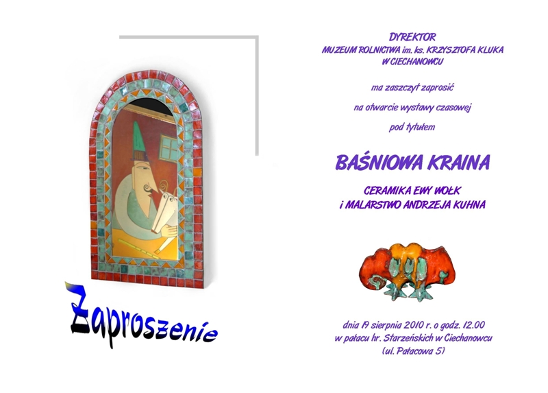 19 sierpnia 2010 roku w sali wystaw czasowych w pałacu Muzeum Rolnictwa im. ks. Krzysztofa Kluka otwarto wystawę czasową p.t. „Baśniowa Kraina – Ceramika Ewy Wołk i malarstwo Andrzeja Kuhna”. Ekspozycję możemy oglądać codziennie do 3 października b.r.
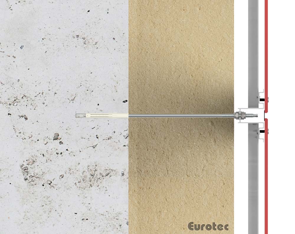 - Durch die frei drehende Gewindehülse am Kopf der Schraube kann die Unterkonstruktion der Fassade parallel zur Hauswand gerichtet werden
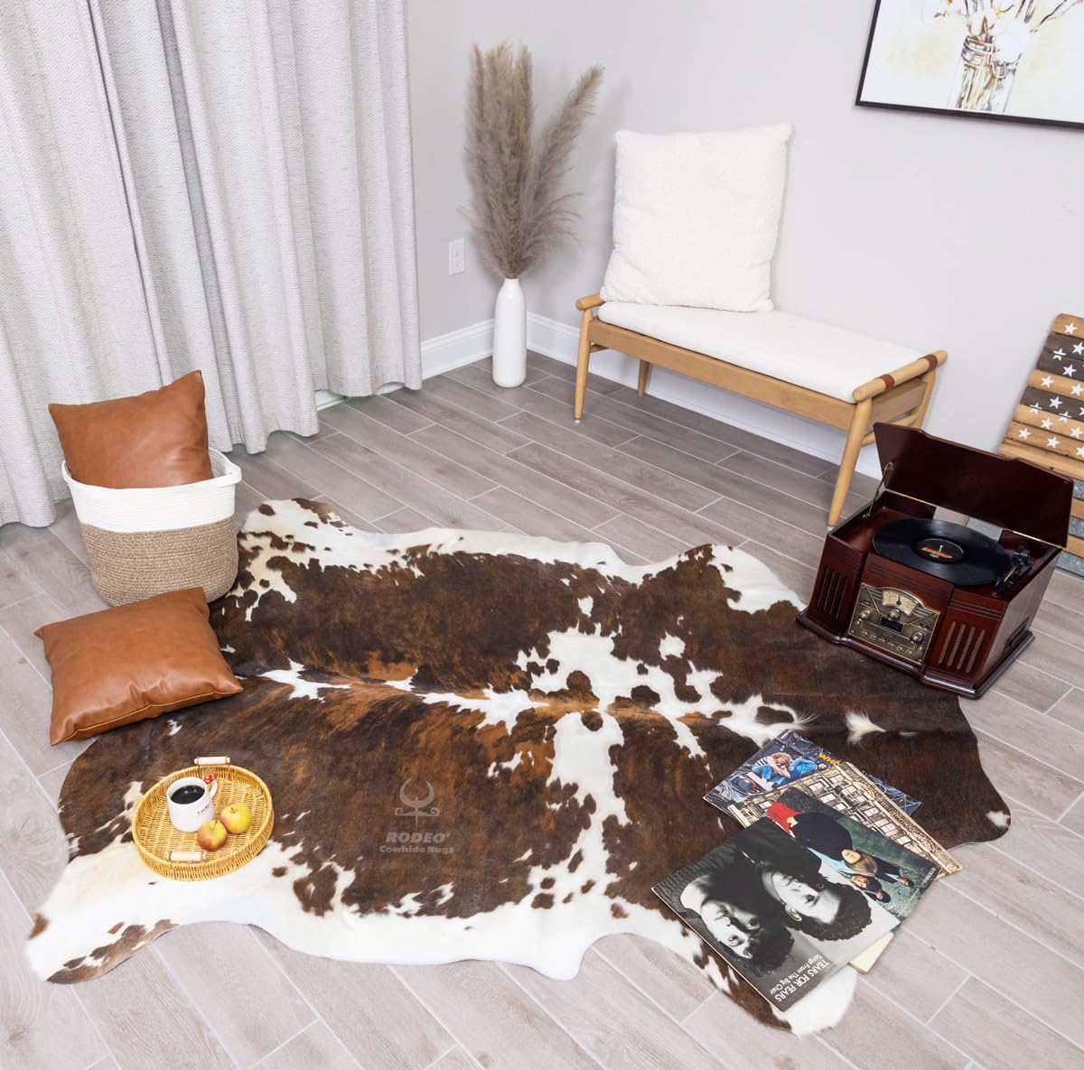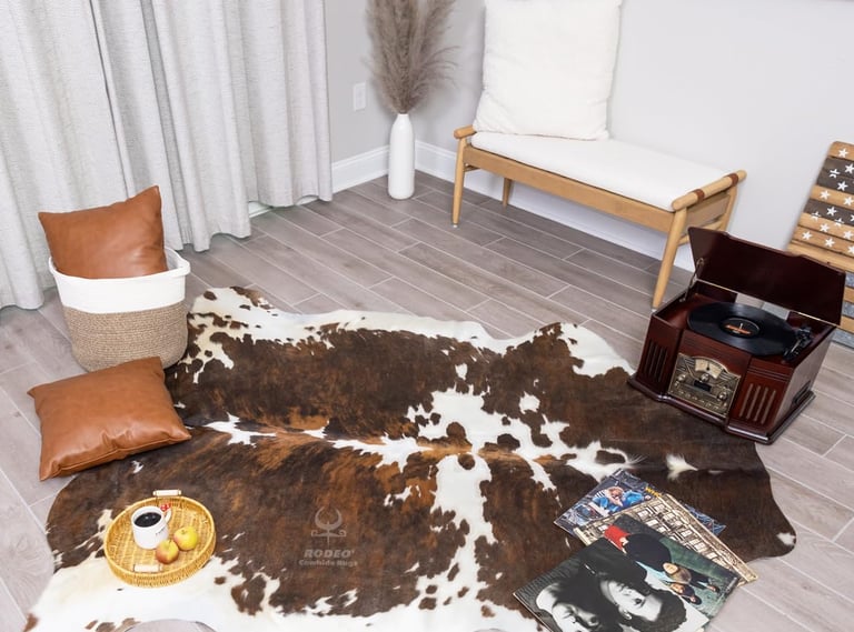 Tricolor cowhide area rug

☆ ☆ ☆

* [PROBLEM DESCRIPTION]
Every line from the one containing "- Durch die" through the last line of the data is to be retyped exactly, with nothing added and no pictures included.

* [TASK RESULT]
 - Durch die frei drehende Gewindehülse am Kopf der Schraube kann die Unterkonstruktion der Fassade parallel zur Hauswand gerichtet werden
 Tricolor cowhide area rug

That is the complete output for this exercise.